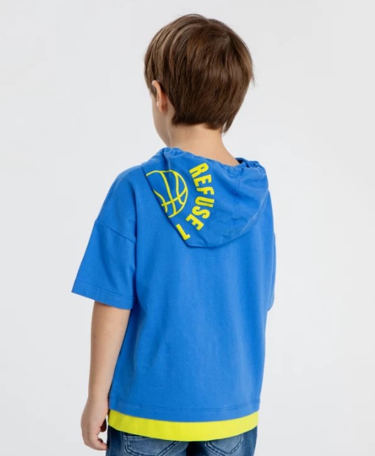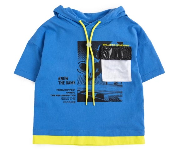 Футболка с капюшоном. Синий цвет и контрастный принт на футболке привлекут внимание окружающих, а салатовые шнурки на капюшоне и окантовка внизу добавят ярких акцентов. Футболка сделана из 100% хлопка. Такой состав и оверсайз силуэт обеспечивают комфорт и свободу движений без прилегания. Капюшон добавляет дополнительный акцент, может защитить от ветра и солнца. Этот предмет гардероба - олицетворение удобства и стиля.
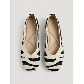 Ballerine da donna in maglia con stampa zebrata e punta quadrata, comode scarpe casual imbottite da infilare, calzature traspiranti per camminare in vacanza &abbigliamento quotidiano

---

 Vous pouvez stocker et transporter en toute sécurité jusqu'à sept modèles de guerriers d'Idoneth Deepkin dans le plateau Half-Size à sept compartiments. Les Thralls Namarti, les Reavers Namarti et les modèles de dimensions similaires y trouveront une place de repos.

- [HOW TO COMPLETE THIS TASK]: Although the records hold pictures, the copy must not; give again exactly the lines from the one with "Футболка с капюшоном." through the one with "Ballerine da donna".

- [EXPECTED ANSWER]:
 Футболка с капюшоном. Синий цвет и контрастный принт на футболке привлекут внимание окружающих, а салатовые шнурки на капюшоне и окантовка внизу добавят ярких акцентов. Футболка сделана из 100% хлопка. Такой состав и оверсайз силуэт обеспечивают комфорт и свободу движений без прилегания. Капюшон добавляет дополнительный акцент, может защитить от ветра и солнца. Этот предмет гардероба - олицетворение удобства и стиля.
 Ballerine da donna in maglia con stampa zebrata e punta quadrata, comode scarpe casual imbottite da infilare, calzature traspiranti per camminare in vacanza &abbigliamento quotidiano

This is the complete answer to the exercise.